#### TASK REQUIREMENTS
Once you reach the line that holds "Americana de poliéster" in the listing below, output it and every line after it through the line that holds "Home > Workshop", word for word.

#### SUPPLIED DATA
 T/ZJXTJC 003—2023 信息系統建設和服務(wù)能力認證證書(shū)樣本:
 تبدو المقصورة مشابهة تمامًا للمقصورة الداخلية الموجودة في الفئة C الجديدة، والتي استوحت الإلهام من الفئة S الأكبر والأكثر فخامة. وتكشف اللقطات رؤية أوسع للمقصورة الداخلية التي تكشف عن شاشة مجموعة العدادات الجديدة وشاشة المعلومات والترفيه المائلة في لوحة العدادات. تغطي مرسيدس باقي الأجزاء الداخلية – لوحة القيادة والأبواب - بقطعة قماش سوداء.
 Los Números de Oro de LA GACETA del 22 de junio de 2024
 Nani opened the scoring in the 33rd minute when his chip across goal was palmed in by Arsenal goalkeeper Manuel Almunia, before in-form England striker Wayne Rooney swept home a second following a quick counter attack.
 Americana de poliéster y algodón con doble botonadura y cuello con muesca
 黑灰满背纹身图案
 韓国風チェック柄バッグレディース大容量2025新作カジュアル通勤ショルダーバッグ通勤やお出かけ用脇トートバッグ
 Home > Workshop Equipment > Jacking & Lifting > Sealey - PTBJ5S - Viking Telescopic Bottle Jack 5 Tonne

* * *

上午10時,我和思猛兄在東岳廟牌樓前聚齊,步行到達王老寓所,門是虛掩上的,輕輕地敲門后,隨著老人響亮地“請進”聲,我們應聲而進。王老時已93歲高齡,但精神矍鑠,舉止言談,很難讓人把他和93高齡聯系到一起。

#### ANSWER BOX
 Americana de poliéster y algodón con doble botonadura y cuello con muesca
 黑灰满背纹身图案
 韓国風チェック柄バッグレディース大容量2025新作カジュアル通勤ショルダーバッグ通勤やお出かけ用脇トートバッグ
 Home > Workshop Equipment > Jacking & Lifting > Sealey - PTBJ5S - Viking Telescopic Bottle Jack 5 Tonne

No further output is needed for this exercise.